• [Given records]:
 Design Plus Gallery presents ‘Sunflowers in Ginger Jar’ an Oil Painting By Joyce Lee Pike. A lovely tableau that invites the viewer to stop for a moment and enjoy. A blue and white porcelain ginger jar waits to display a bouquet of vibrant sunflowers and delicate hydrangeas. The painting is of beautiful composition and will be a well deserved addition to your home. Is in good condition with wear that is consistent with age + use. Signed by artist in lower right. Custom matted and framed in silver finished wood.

* * *

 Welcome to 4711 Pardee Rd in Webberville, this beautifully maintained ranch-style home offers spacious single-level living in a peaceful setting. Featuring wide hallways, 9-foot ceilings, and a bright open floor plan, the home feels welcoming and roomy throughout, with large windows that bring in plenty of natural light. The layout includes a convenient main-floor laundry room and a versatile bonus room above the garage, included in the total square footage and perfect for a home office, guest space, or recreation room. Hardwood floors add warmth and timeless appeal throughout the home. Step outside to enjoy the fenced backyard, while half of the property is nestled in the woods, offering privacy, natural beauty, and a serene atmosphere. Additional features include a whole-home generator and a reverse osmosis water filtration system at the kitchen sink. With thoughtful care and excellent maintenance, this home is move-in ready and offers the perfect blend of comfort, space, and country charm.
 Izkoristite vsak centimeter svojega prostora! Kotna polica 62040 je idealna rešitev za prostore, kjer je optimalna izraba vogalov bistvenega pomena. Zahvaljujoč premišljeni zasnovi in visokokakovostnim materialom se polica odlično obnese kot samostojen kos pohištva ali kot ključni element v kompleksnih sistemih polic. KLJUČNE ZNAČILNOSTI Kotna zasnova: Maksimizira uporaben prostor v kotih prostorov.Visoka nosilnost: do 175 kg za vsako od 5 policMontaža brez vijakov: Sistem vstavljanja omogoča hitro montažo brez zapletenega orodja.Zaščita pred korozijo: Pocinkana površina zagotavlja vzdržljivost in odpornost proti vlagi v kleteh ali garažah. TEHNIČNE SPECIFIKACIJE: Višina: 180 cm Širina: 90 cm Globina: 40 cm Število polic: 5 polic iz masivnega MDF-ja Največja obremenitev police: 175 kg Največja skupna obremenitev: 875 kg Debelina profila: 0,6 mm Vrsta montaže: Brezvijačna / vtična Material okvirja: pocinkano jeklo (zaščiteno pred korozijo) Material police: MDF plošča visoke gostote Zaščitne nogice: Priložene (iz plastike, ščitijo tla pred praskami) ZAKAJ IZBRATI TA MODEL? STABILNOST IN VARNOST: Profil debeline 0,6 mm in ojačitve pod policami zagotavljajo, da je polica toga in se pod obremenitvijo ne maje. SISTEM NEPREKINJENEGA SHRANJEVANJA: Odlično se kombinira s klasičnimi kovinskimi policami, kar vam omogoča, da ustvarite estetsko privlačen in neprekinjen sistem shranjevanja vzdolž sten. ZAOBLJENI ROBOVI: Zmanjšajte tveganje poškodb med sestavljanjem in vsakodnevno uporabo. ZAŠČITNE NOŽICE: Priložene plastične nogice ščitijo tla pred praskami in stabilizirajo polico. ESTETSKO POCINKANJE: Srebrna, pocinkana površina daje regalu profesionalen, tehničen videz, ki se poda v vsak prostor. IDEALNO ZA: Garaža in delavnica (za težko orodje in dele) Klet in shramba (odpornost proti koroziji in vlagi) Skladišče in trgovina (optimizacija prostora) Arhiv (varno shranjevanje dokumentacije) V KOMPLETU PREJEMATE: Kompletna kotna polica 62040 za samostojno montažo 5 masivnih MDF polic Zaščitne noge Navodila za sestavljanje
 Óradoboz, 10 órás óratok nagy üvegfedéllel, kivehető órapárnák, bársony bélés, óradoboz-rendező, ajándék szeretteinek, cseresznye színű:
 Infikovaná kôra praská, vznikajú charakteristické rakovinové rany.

• [What you have to do]:
Which lines above include the word "enjoy"? Return each one.

• [Answer below]:
 Design Plus Gallery presents ‘Sunflowers in Ginger Jar’ an Oil Painting By Joyce Lee Pike. A lovely tableau that invites the viewer to stop for a moment and enjoy. A blue and white porcelain ginger jar waits to display a bouquet of vibrant sunflowers and delicate hydrangeas. The painting is of beautiful composition and will be a well deserved addition to your home. Is in good condition with wear that is consistent with age + use. Signed by artist in lower right. Custom matted and framed in silver finished wood.
 Welcome to 4711 Pardee Rd in Webberville, this beautifully maintained ranch-style home offers spacious single-level living in a peaceful setting. Featuring wide hallways, 9-foot ceilings, and a bright open floor plan, the home feels welcoming and roomy throughout, with large windows that bring in plenty of natural light. The layout includes a convenient main-floor laundry room and a versatile bonus room above the garage, included in the total square footage and perfect for a home office, guest space, or recreation room. Hardwood floors add warmth and timeless appeal throughout the home. Step outside to enjoy the fenced backyard, while half of the property is nestled in the woods, offering privacy, natural beauty, and a serene atmosphere. Additional features include a whole-home generator and a reverse osmosis water filtration system at the kitchen sink. With thoughtful care and excellent maintenance, this home is move-in ready and offers the perfect blend of comfort, space, and country charm.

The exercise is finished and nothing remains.